GNSS heights disagree with a published model by a constant offset
Different geoid products are referenced to different tide systems — mean-tide, zero-tide, or tide-free — and the permanent-tide correction can reach a few centimetres, latitude-dependent. Mixing a tide-free model with mean-tide ellipsoidal heights injects a systematic bias. Record the tide system alongside the model name and reduce both quantities to the same system before differencing.

Frequently Asked Questions

Why not just let pyproj apply the vertical transformation?
For a supported CRS pair, PROJ does exactly this and you should use it in production. Implementing the grid read and bilinear blend yourself is what lets you audit the interpolation, attach a defensible uncertainty, and handle models PROJ has no operation for — the same reason cadastral pipelines sometimes read grids directly rather than through the transformer API.
Is bilinear interpolation accurate enough for survey-grade heights?
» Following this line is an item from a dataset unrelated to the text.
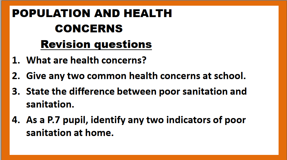 P.7 SOCIAL STUDIES REVISION ACTIVITY POPULATION AND HEALTH CONCERNS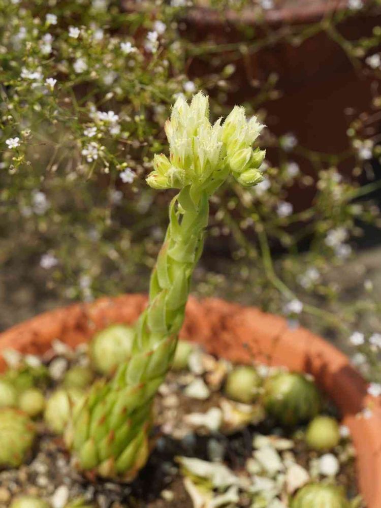 この子は咲いたので枯れてしまいますけど、子株達が足元で元気に育っていますよ~。

For one-arc-minute or finer geoid models the geoid is smooth relative to the node spacing, so bilinear interpolation holds well within a centimetre and matches how PROJ samples the same grids. Coarse or highly variable gravimetric geoids can justify a bicubic kernel, but bilinear is the interoperable baseline agencies expect.
What is the difference between geoid undulation and height anomaly?
The undulation N pairs with orthometric height on the geoid; the height anomaly ζ pairs with normal height on the quasi-geoid. Regular geoid grids store N, quasi-geoid grids store ζ. The interpolation is identical, but the vertical datum you claim must match the quantity the grid was built to deliver.